# Interesting Londnium article about green beans and espresso quality



## RoloD (Oct 13, 2010)

Reiss at Londinium has written this very interesting piece on his blog about green coffee quality and espresso. It answers some of the criticisms that Londinium beans are over priced.

"What we are 100% clear on though is bright & brassy third wave roasts are getting heavily marketed to consumers as being what espresso should taste like, and in our experience a lot of people disagree - they end up becoming Londinium Espresso customers"

- as I have. I have to say I have yet to have a disappointing bag of beans from Londinium (as opposed to HasBean, where my disppointment ran at about 85%). I have a Londinium subscription which works out at a (quite reasonable £26.20 for 5 x 250g including postage). Crucial to my opinion is:

1. I am an espresso drinker. I have never drunk a flat white or a cappucino in my life. Londinium are, specifically, espresso roasters. MAny of the lighter roasts may make great milk drinks, they just don't wor

2. I do not like the current trend for acidic, light roast beans - but nor am I happy with most over roasted, robusta-loaded Italian beans. This isn't a matter of ignorance or an unsophisticated palate, simply a question of taste.

The strange thing is almost everybody I know (outside of this forum) has a similar attitude towards third-wave/HasBean style beans - actually even more adamantly than me. Which seems to me to leave a huge gap in the café market - I love the enthusiasm and dedication of all the new coffee shops that have opened up over the last few years, but they just don't offer the sort of espresso (and I assume others) really like.


----------



## Earlepap (Jan 8, 2012)

I had a shot of Dark Fluid's Schrodinger blend yesterday from their stall currently outside the Royal Festival Hall. It was smooth, chocolatey, rich with a bit of orange zest taste. It didn't fit in with the light roast/acidic zeitgeist - which I am a fan of also - but it's possible to like both!

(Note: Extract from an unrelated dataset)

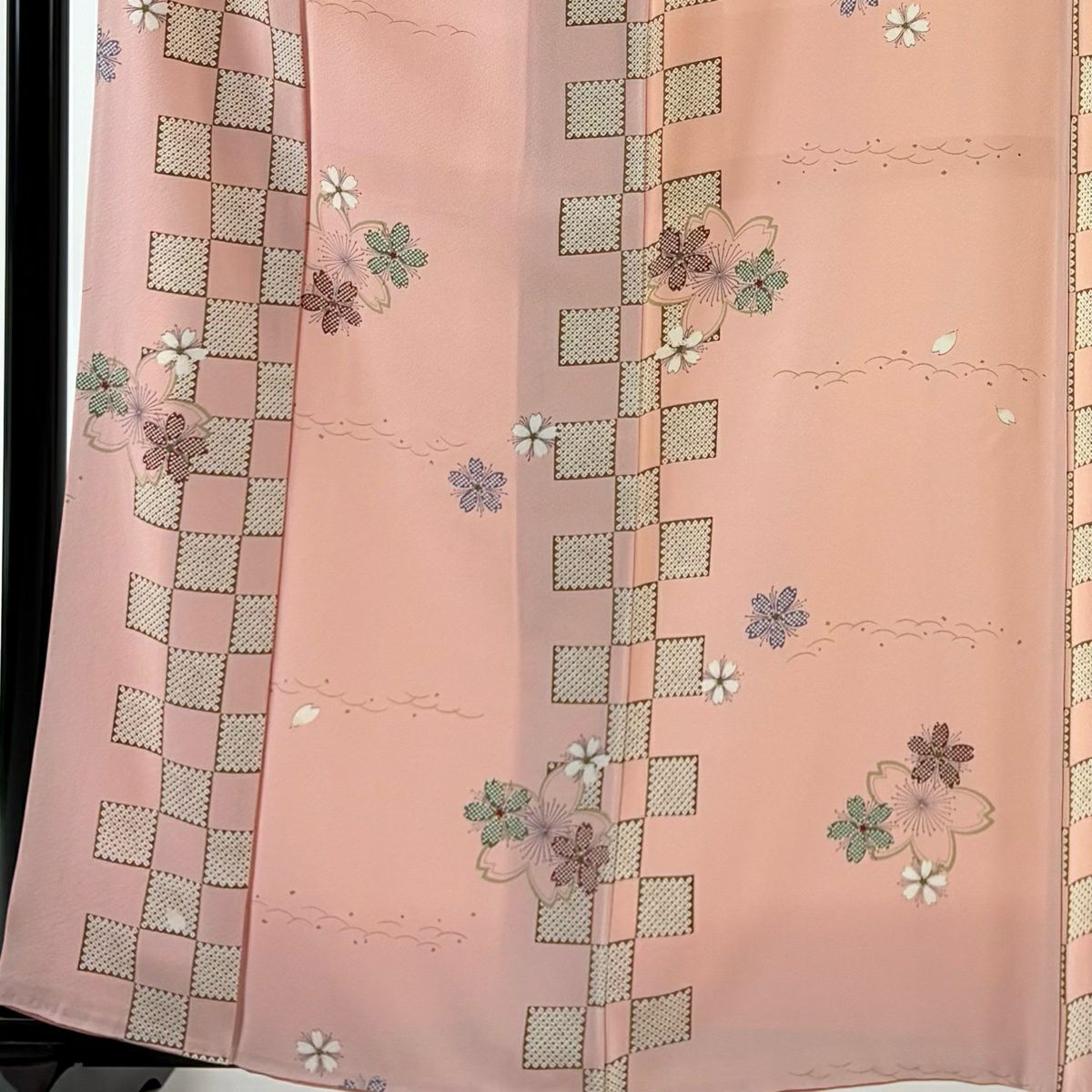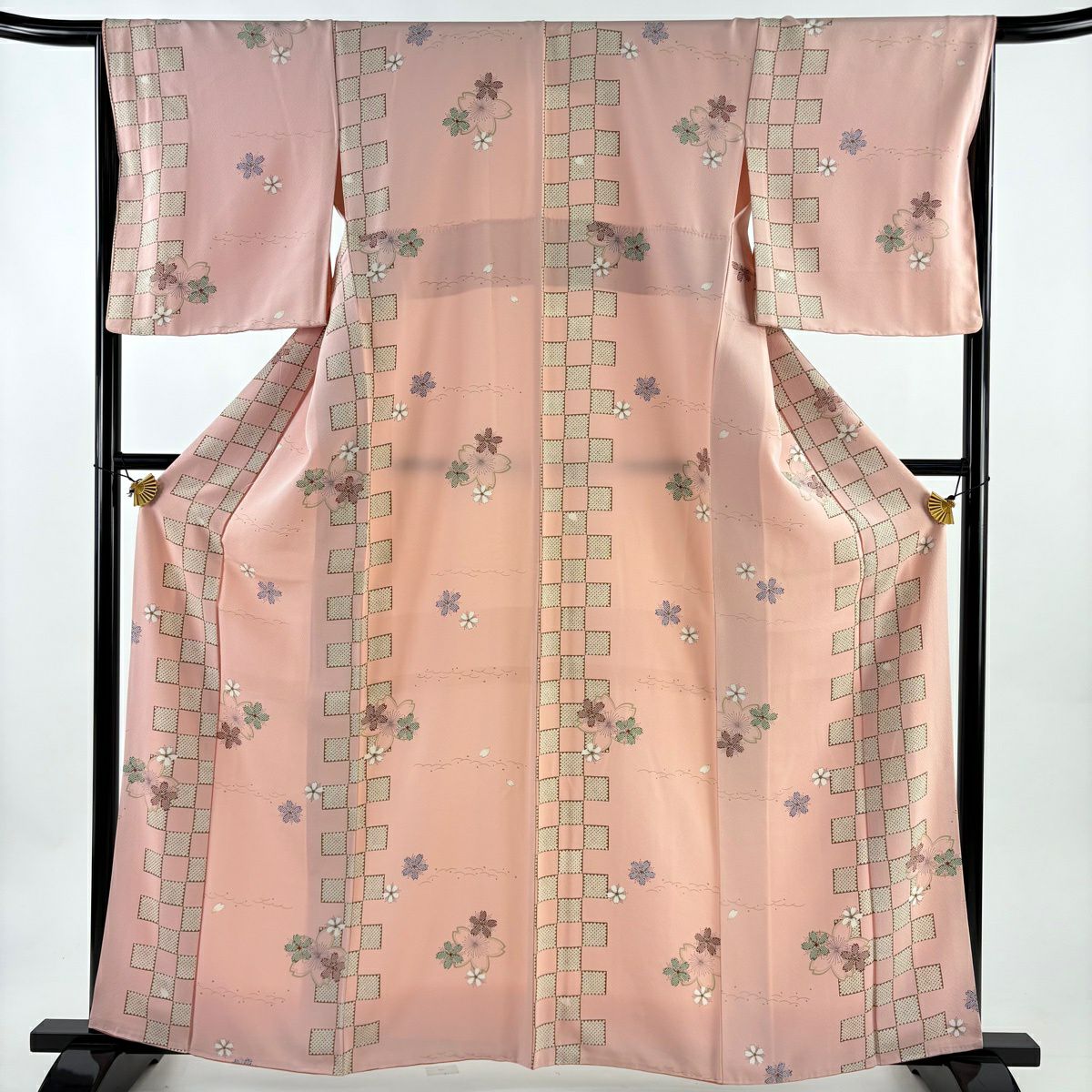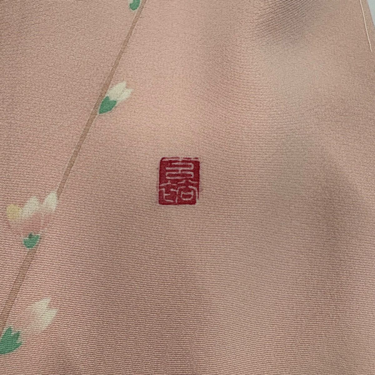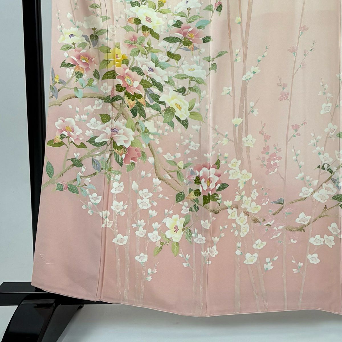 50%OFF 訪問着 身丈161.5cm 裄丈63.5cm S 袷 落款あり 枝花 薄ピンク 正絹 秀品 K50

I'd like to try Londinium espresso, but I don't make espresso at home and sadly they don't seem to be used in many places. I had a shot from Scooter cafe a while ago but it wasn't great. Not that I'm writing them off from one shot - I was probably just unlucky that day.


----------



## RoloD (Oct 13, 2010)

Earlepap said:


> I had a shot of Dark Fluid's Schrodinger blend yesterday from their stall currently outside the Royal Festival Hall. It was smooth, chocolatey, rich with a bit of orange zest taste. It didn't fit in with the light roast/acidic zeitgeist - which I am a fan of also - but it's possible to like both!

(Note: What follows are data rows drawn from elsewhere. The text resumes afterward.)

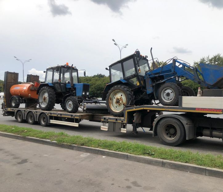 Низкорамный трал с аппарелями перевозит коммунальные трактора МТЗ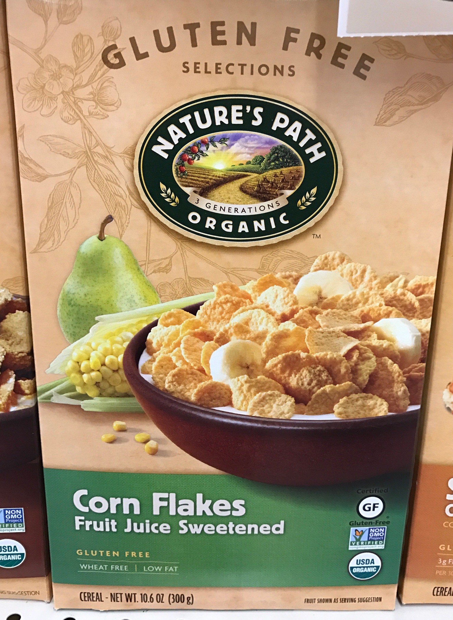 Well, corn flakes aren’t wheat Chex. WCM has several breakfast cereals that are gluten free, non GMO, organic, and sugar free.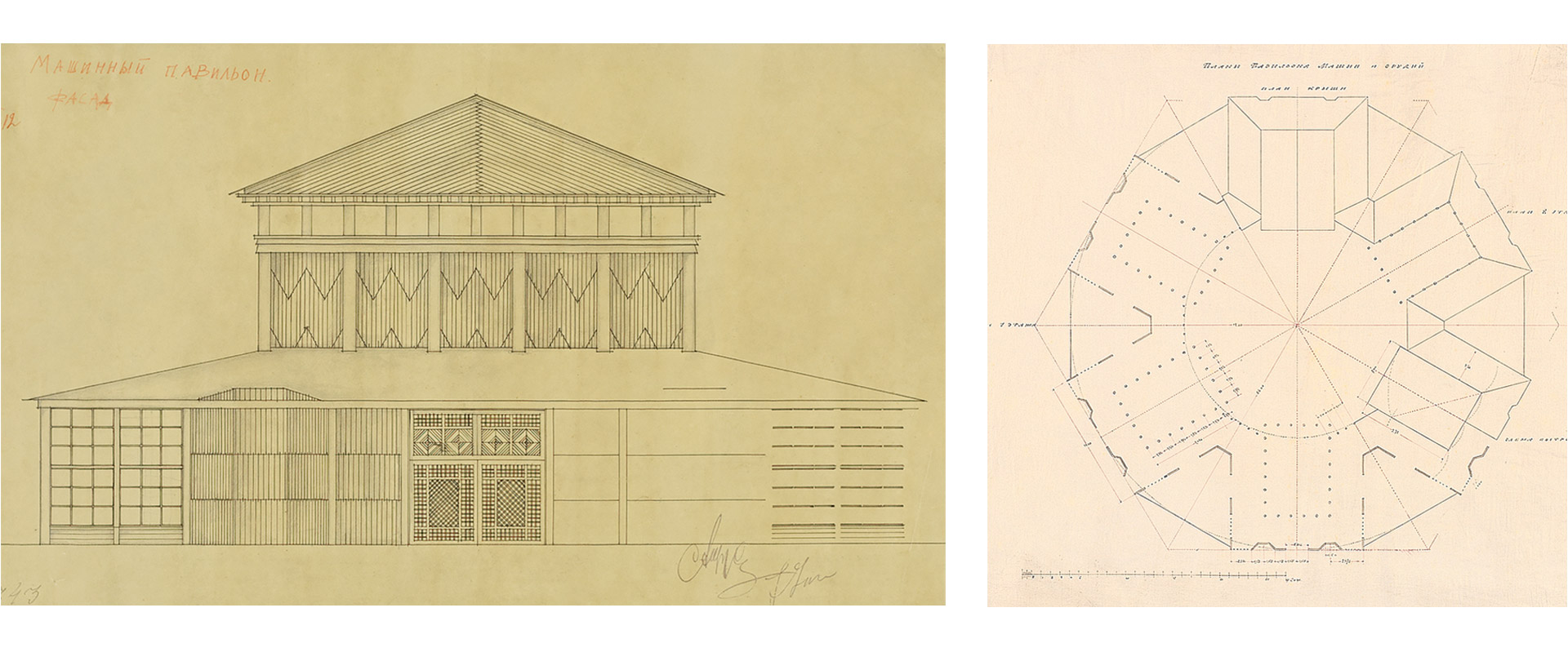 right: Ivan Zholtovsky, Design for the Machines and Tools Pavilion. Plan, 1923
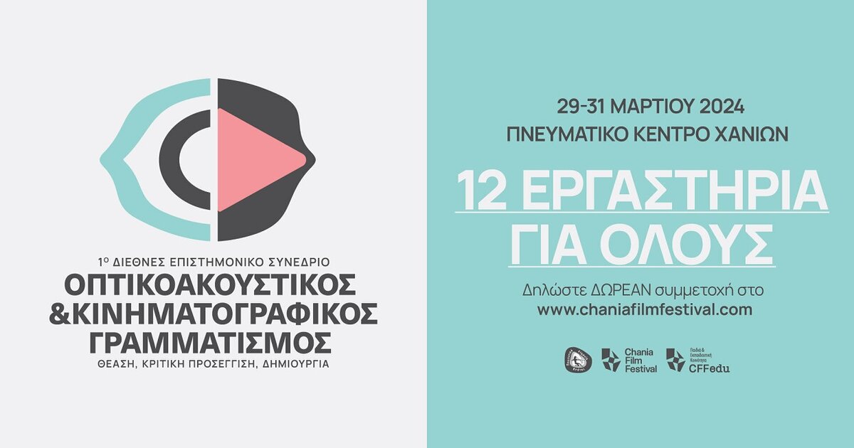 Με 12 βιωματικά εργαστήρια για όλους έρχεται από το CFF στο 1o Διεθνές Επιστημονικό Συνέδριο με θέμα "ΟΠΤΙΚΟΑΚΟΥΣΤΙΚΟΣ και ΚΙΝΗΜΑΤΟΓΡΑΦΙΚΟΣ -ΓΡΑΜΜΑΤΙΣΜΟΣ" στο Πνευματικό Κέντρο Χανίων στις 29-31 Μαρτίου 2024

Indeed it's possible to like both!

I was probably overstating my case to make a point, because I feel one style of coffee is now being presented as 'what coffee should really taste like'. I've had some great coffees from Square Mile, for instance, but, after searching around, I feel I've found my sweet spot with Londinium.

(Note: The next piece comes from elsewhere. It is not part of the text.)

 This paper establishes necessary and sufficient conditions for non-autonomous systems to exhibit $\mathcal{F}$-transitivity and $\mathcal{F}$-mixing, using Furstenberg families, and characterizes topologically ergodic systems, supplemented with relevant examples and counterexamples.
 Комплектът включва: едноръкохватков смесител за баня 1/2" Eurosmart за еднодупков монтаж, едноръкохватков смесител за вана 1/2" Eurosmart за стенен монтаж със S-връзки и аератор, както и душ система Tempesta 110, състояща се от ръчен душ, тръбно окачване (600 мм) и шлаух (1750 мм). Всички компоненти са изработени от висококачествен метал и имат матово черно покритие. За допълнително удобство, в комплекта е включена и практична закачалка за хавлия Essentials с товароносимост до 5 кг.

Don't know anything about Dark Fluid. Recommended?


----------



## Glenn (Jun 14, 2008)

RoloD said:


> Don't know anything about Dark Fluid. Recommended?


Without hijacking the thread - yes! Lawrence at Dark Fluid is a good roaster who knows his stuff. Continually improving and serving a small but growing number of appreciative clients


----------



## Earlepap (Jan 8, 2012)

RoloD said:


> Don't know anything about Dark Fluid. Recommended?


First time I'd tried them, but I enjoyed it. I know very little about them other than they have a stall at Brockley market on Saturdays, but I'm never in that neck of the woods. Only stumbled upon their stall yesterday as part of the cheese and wine festival currently happening on the Southbank. There's a coffee and chocolate festival a few weeks ago in the same spot. I think there'll be there too.


----------